0000000000000000000000000000000000000000000000000000000000001000

Correlation between val1 and val2?

true

2^3

00000000000000000000000000000000000000000000000000000000001000

2^3 + 2^63

00100000000000000000000000000000000000000000000000000000001000

2^3 & (2^3 + 2^63)

00000000000000000000000000000000000000000000000000000000001000

val1 和 val2 之间的相关性？

真的

This can now be done with the new BigInt built-in numeric type. BigInt is currently (July 2019) only available in certain browsers, see the following link for details:

现在可以使用新的 BigInt 内置数字类型来完成。
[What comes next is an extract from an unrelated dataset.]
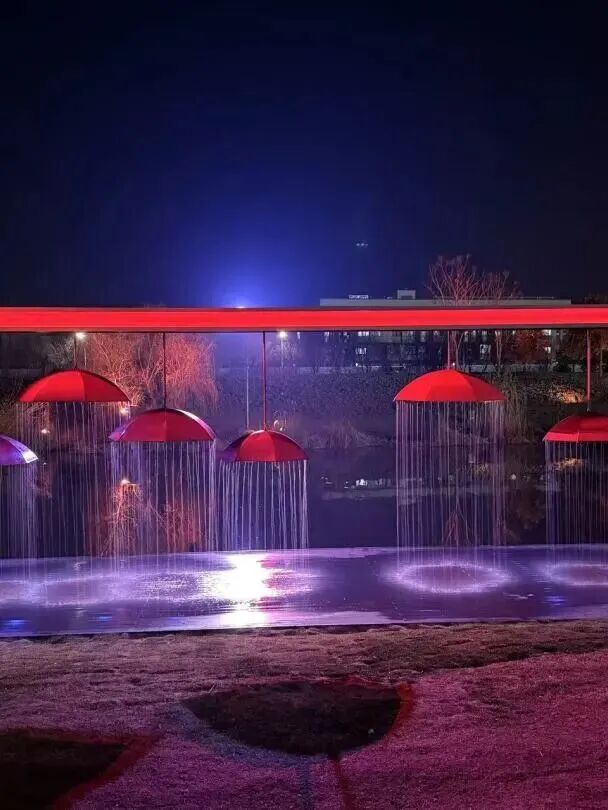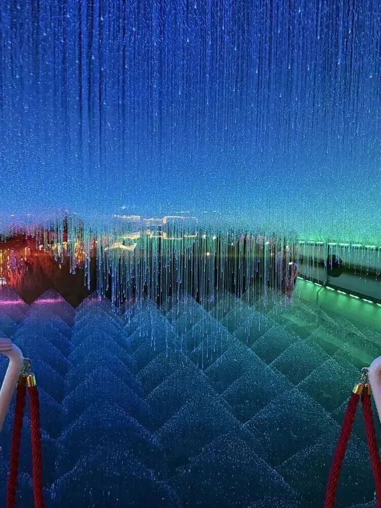 B线(体育公园码头) 则通过激光触发技术与动态频闪灯,打造"雨中曲"的数字互动场景,儿童伸手即可"触碰"光影雨滴,这种高参与度的设计让照明成为连接人与数字场景的交互媒介。

BigInt 目前（2019 年 7 月）仅在某些浏览器中可用，详情请参见以下链接：

https://developer.mozilla.org/en-US/docs/Web/JavaScript/Reference/Global_Objects/BigInt

https://developer.mozilla.org/en-US/docs/Web/JavaScript/Reference/Global_Objects/BigInt

I have tested bitwise operations using BigInts in Chrome 67 and can confirm that they work as expected with up to 64 bit values.

我已经在 Chrome 67 中使用 BigInts 测试了按位运算，并且可以确认它们在最多 64 位值的情况下按预期工作。

The Closure library has goog.math.Longwith a bitwise add()method.

Closure 库具有goog.math.Long按位add()方法。